The Better String Library FAQ

by Paul Hsieh
Last updated: 12-30-2006

loop

 Intergalactic Radio Station
 © Copyright 2004

Q. What is Bstrlib?

A. Bstrlib is a string data type library for C and C++. It was written primarily with safety in mind, but also has performance and functionality advantages while remaining totally interoperable with ordinary char * usage.

Q. What makes Bstrlib so much safer than using the standard C/C++ library?

A. Bstrlib contains these mechanism as part of its API:

  1. memory management

    The memory required to hold a string as it is modified is automatically allocated and managed in Bstrlib functions.

  2. buffer overflow detection

    The Bstrlib API has well defined interpretations for all legal values of its parameters including character indexes and lengths that fall outside the boundaries of a given bstring.

  3. error propagation

    Well defined error conditions are detected rather than leading to undefined action. So scenarios with multiple failure conditions don't need to be littered with large amounts of error detection -- it is typically sufficient to put a single check at the end of a long series Bstrlib operations. (The C++ API uses exception handling.)

  4. write protection

    bstrings declared statically or constructed from unqualified sources are write protected. bstrings can also be made write protected dynamically.

  5. aliasing support

    Unlike most C libraries, aliased parameters are detected and supported and are given the most natural interpretation.

  6. reduction of undefined scenarios

    C's standard library (as well as many other libraries implemented in C) suffers from being littered with a minefield of undefined behaviors that result from a myriad of semantic conditions even when passing parameters to functions which in of themselves are legal. Bstrlib, as a matter of policy, does not allow this to happen. If your parameters are legal with respect to their type (independent of their meaning as that parameter), then using the Bstrlib API function will not lead to any undefined behavior. (What a concept!)

Q. Doesn't all the safety of Bstrlib lead to increased overhead versus standard char buffer usage?

A. Bstrlib uses a (length, data) internal representation rather than '\0' termination. Because of this, functions which require length determinations have dramatically improved performance versus the corresponding standard C library functions (see the benchmarks in the feature comparisons page.) Where performance is concerned, this means that string manipulations of strings that are not very small will favor Bstrlib.

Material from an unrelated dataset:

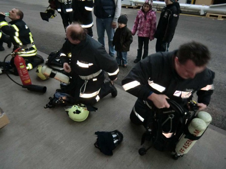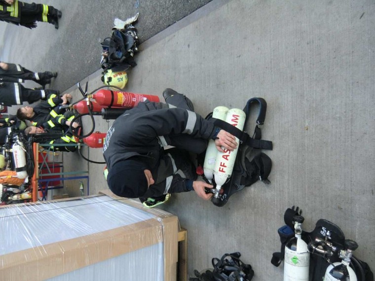 Nach einer kurzen Verschnaufpause und einem weiteren Flaschenwechsel ging es weiter zur dritten und letzten Station. Über den Fluchttunnel musste dieses Mal ein Löschangriff in den Trockenraum vorgenommen werden, als Erschwerung mussten aus der Trockenkammer bei einer Hitze von ca.120°C 6 Behälter geborgen und ins Freie gebracht werden.

In addition, the Bstrlib API is substantially more functional than the C library. This means that function call overhead is better amortized (by virtue of not needing to call as many such functions) than the C library.

A minimum useage of Bstrlib measured on a variety of compilers shows an additional object code size of between 18k and 28K.

All this being said, manipulations that are extremely trivial, on very small strings may execute marginally faster just using the straight C library.

Q. By always allocating memory for strings, does this open Bstrlib up to denial of service attacks when receiving user input?

A. Bstrlib contains a function bSecureInput () in the bstraux module which addresses this issue; it takes an optional maximum length parameter for user input. So malformed input cannot lead to unsually large amounts of resources to be wasted unnecessarily.

Q. What is the relationship between bstrings and CBString?

A. CBString is a C++ class that substantially uses bstrings to implement its functionality. Both provide nearly the same functionality. Like STL's std::string or MFC's CString, CBString uses operator overloading, exception handling, and STL to maximally leverage C++ functionality. The [] operator is additionally safe via bounds checking. CBString throws exceptions as a result of any error encountered, while Bstrlib propagates such errors.

Q. Doesn't the bounds protection decrease the performance of Bstrlib?

A. For most operations, no. This only affects per-character operations, where by default Bstrlib favors safety over performance. However, one can always achieve higher performance by gaining direct access to the buffer as necessary. I.e., its easy to be safe and fast most of the time, and requires just a little effort (its just a little more same-line typing) to be less-safe but always fast.

Q. What advantage does Bstrlib::CBString have over std::string?

A. std::string is an STL generic which will be somewhat slower than CBString because of it. std::string also does not contain a lot of standard character string manipulations like format, findreplace, split and join. CBString implements useful write protection (that extends into per character protection.) With std::string it is cumbersome to be bounds protected, and easy to be unsafe (this is opposite to Bstrlib::CBString, where a cast and a dereference is required to drop safety.)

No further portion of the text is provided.